::: Exercise inputs :::

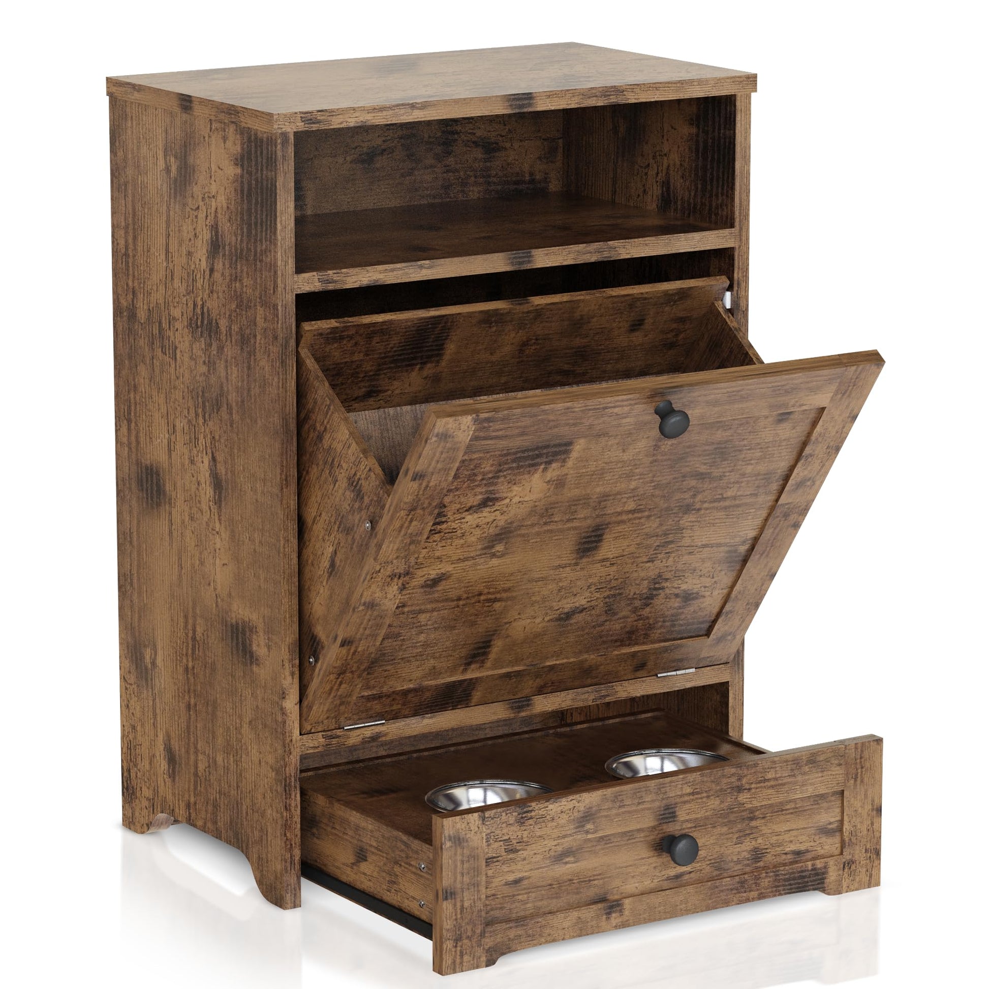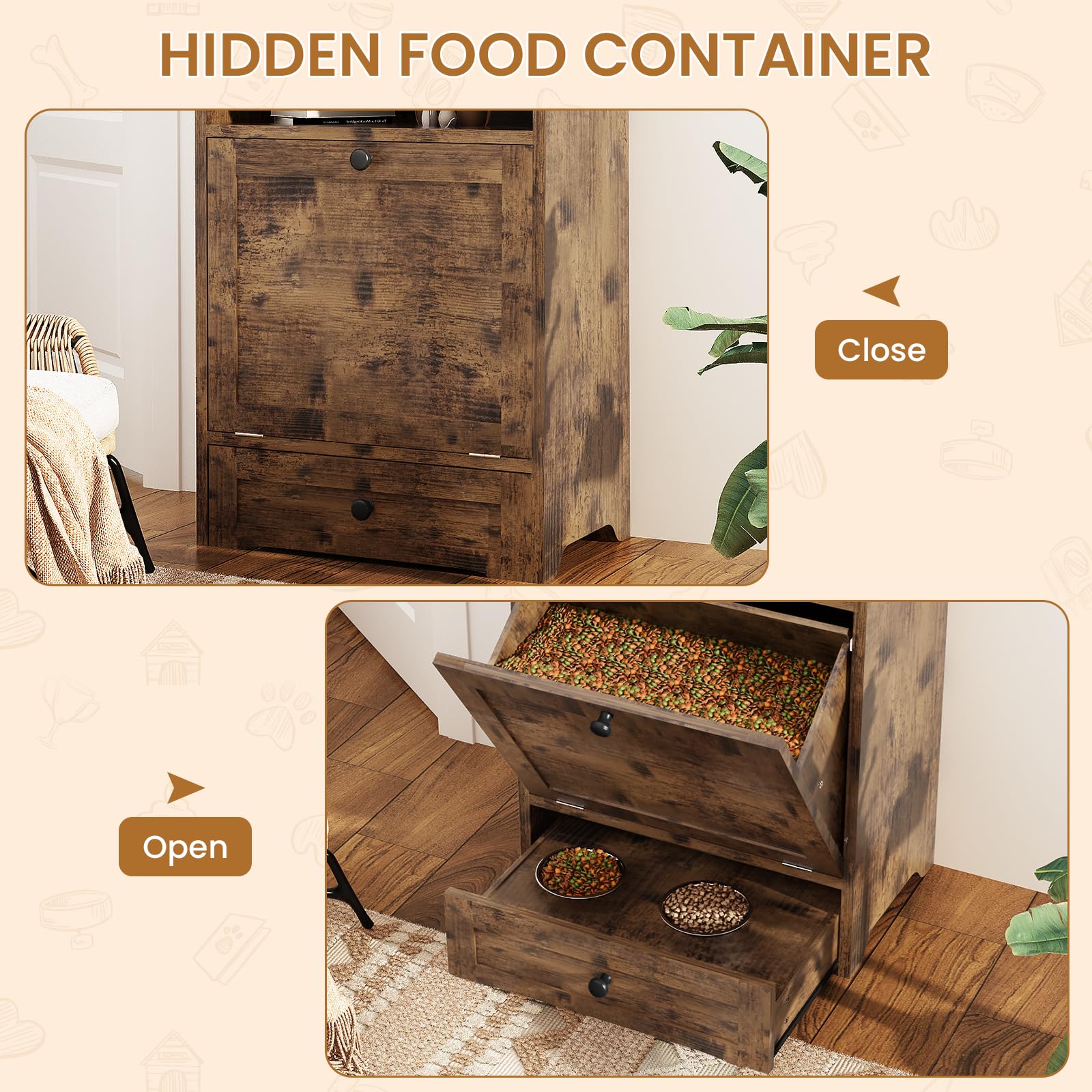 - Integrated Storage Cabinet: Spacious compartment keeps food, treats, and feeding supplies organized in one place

:::
::: Exercise inputs :::

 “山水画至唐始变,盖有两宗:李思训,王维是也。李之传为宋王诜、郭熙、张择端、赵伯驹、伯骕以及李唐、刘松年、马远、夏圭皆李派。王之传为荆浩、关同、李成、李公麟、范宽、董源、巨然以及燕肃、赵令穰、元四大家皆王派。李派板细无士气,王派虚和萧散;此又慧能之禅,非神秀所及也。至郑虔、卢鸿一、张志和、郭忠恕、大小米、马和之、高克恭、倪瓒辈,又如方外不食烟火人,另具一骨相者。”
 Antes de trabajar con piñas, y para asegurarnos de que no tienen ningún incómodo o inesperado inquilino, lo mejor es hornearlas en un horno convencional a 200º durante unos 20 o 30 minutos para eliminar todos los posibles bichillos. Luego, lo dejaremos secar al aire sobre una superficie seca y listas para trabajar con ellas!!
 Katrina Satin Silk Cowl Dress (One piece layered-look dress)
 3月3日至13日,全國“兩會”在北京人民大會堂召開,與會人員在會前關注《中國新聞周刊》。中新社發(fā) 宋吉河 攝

:::
::: Exercise inputs :::

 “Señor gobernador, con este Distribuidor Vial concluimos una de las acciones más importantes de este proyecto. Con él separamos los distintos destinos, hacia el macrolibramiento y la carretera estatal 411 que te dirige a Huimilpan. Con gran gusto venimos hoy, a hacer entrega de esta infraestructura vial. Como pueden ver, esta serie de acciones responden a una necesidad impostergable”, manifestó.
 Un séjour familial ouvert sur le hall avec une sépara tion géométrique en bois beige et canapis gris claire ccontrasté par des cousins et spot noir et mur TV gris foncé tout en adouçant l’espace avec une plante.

:::

Exercise requirements: Working from the material above, restate word for word the lines between the line with "gobernador, con este" and the line with "Un séjour familial", both included, and only those.

Response to the exercise:
 “Señor gobernador, con este Distribuidor Vial concluimos una de las acciones más importantes de este proyecto. Con él separamos los distintos destinos, hacia el macrolibramiento y la carretera estatal 411 que te dirige a Huimilpan. Con gran gusto venimos hoy, a hacer entrega de esta infraestructura vial. Como pueden ver, esta serie de acciones responden a una necesidad impostergable”, manifestó.
 Un séjour familial ouvert sur le hall avec une sépara tion géométrique en bois beige et canapis gris claire ccontrasté par des cousins et spot noir et mur TV gris foncé tout en adouçant l’espace avec une plante.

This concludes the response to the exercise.